CHANGE OF PLAN: Council OKs deal on land
City lets developer turn golf course into housing
By DAVID McGRATH SCHWARTZ
Darin Swartzlander, plant operations and maintenance supervisor, talks about the development of the land near the Water Pollution Control Facility in his nine years of working there.
Photo by Ronda Churchill.
A golf course will be turned into a 1,200-home development after the Las Vegas City Council on Wednesday lifted a deed restriction on the land for $7.2 million.
With houses to be built as close as 20 feet from the city's sewage treatment plant, Las Vegas will have to spend an estimated $5 million to control odors, according to an engineering report.
Casting the lone vote against lifting the restrictions on the Royal Links Golf Club land, Councilwoman Lois Tarkanian questioned whether "we would be leaving money on the table for the taxpayers."
By lifting the deed restriction to allow residential development, the land could be worth $28.7 million more than its current value, according to one appraisal.
The city sold developer Bill Walters the 161 acres in 1999 with the restriction that it be kept as a golf course. It was to serve as a buffer between the sewage treatment plant and residences.
But recently the county has approved development that would be flush up against the southern and eastern boundaries of the city's Water Pollution Control Facility. Crews have begun grading the land for the projects.
The treatment plant, which handles most of Las Vegans' discharge down toilets and drains, is in unincorporated Clark County, outside the city.
County commissioners approved the homes on the south and east sides of the plant, and in September changed the zoning for the Royal Links Golf Club to allow residential development.
Lifting the deed restriction was the final big hurdle to be cleared before homes can be built on the course, which borders the northern and eastern boundaries of the plant.
Because of the restriction, Walters paid $894,000 for the land, less than its market value.
The city settled on $7.2 million in compensation by figuring the difference between the 1999 land value and the price Walters paid, then adding 6 percent per year, the amount the city could have made if it had invested the amount of money the land was originally appraised at.
Councilman Steve Wolfson asked, "Is that a proper way to determine the value?"
Scott Adams, director of business development, said that the lifting of a deed restriction was rare and that little precedent existed.
Wolfson said selling the land and lifting the deed restriction was better than facing an uncertain future for the land and getting no money.
Mayor Oscar Goodman acknowledged the city could block Walters from building homes there. But, Goodman said, "The city is not in the position of being an extorter."

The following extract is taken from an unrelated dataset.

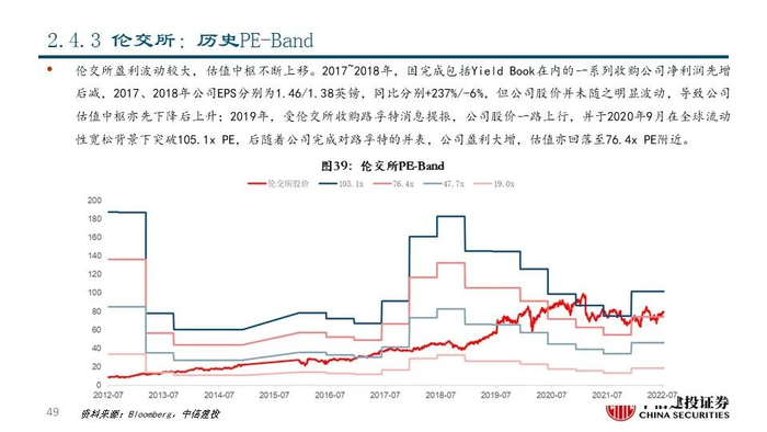 ③伦交所(LSEG LN Equity):公司成立于1801年,是世界领先金融交易平台和信息提供商,市值达到514亿美元。公司不仅有世界一流的交易和清算平台,还通过旗下的富时罗素、路孚特为资本市场提供完善的金融信息服务和资本市场解决方案。2021年由于完成对路孚特(Refinitiv)的并表,公司营收达92.73亿美元,同比+256.79%;其中数据分析业务收入占比激增至67.70%;资本市场业务和交易后业务收入分别占比18.43%和13.41%,交易和交易后业务并重。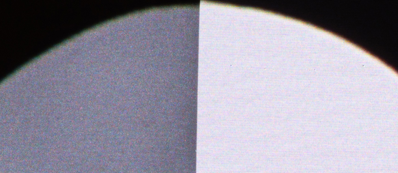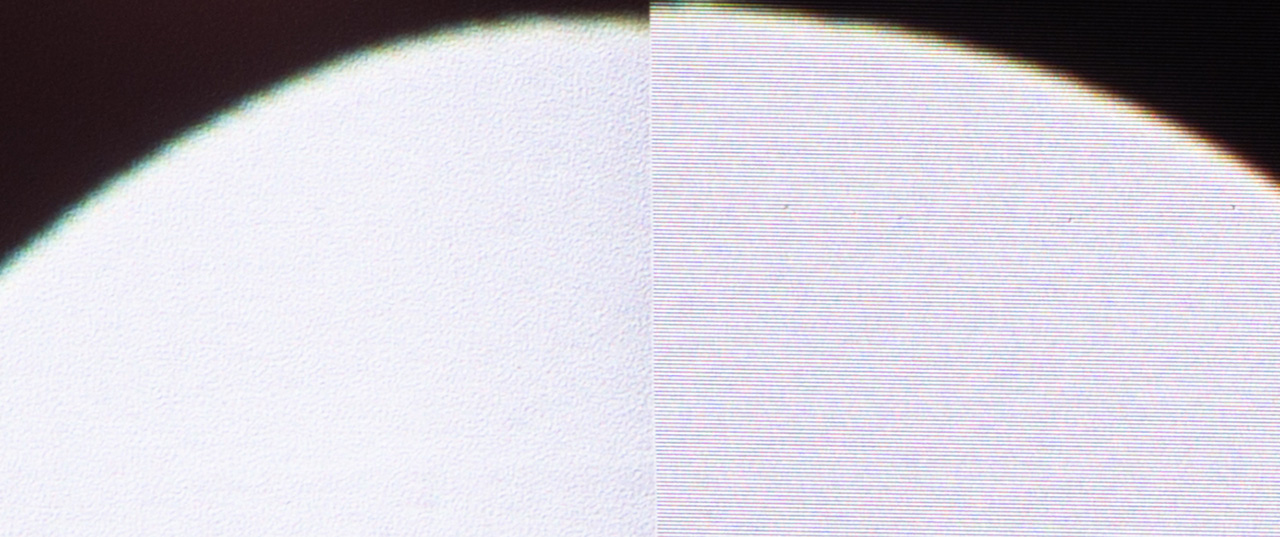 As you can see, both on the CLR and on the white screen, the speckle almost disappears. So, as you understand, choosing the right screen depending on how sensitive you are to laser speckle is extremely important.

The city requested two appraisals of the land last month. One appraisal found lifting the deed restriction increased the value of the land by $24.15 million. The other appraisal found lifting the deed restriction increased the value by $28.7 million.
Walters has made potentially lucrative deals with local governments before.
In 2002, Walters reached a lease agreement with the county to build two golf courses and a park on 300 acres. Later, commissioners rezoned 60 acres of the land to allow a more lucrative commercial use.
Last year, Henderson swapped vacant property zoned for residential development for Walters' failing Wildhorse Golf Club.
On Wednesday, Walters stood in front of the council flanked by former Nevada Gov. and U.S. Sen. Richard Bryan, who represented Walters.
Bryan dismissed the idea that Walters would see a windfall.
Walters has rights to buy water at a cheaper price from the city, and now that water could be resold at a higher rate, Bryan said. Also, the water used by the golf course could be returned to Lake Mead for water credits.
"Mr. Walters has all the risk," Bryan said. With construction costs rising, "it's fair to say in the last few months ... the scope of the risk has gone up," Bryan told the council.
A decision on lifting of the deed restriction has been delayed since July, when discrepancies were found between versions of a staff report on the proposal.
An edited version of the report distributed to the City Council painted Walters' development in a more positive light.
The Metropolitan Police Department led an investigation into whether any wrongdoing occurred.
The department has not released its report on the investigation. But Goodman said he was told no criminal charges would be filed.
Walters applauded the City Council's decision.
"It's easy to form an opinion about an area of town," he said of the land near the plant. "People are happy, proud to be there."
The city has spent $35 million on odor controls at the plant. But houses now are between a quarter-mile and a mile from the sewage treatment plant, according to the engineering report requested by the city.
The $5 million in improvements that Walters' development would need would be for a wall and other odor-control measures. When the plant is expanded, as the city expects, the city would have another $23 million in costs.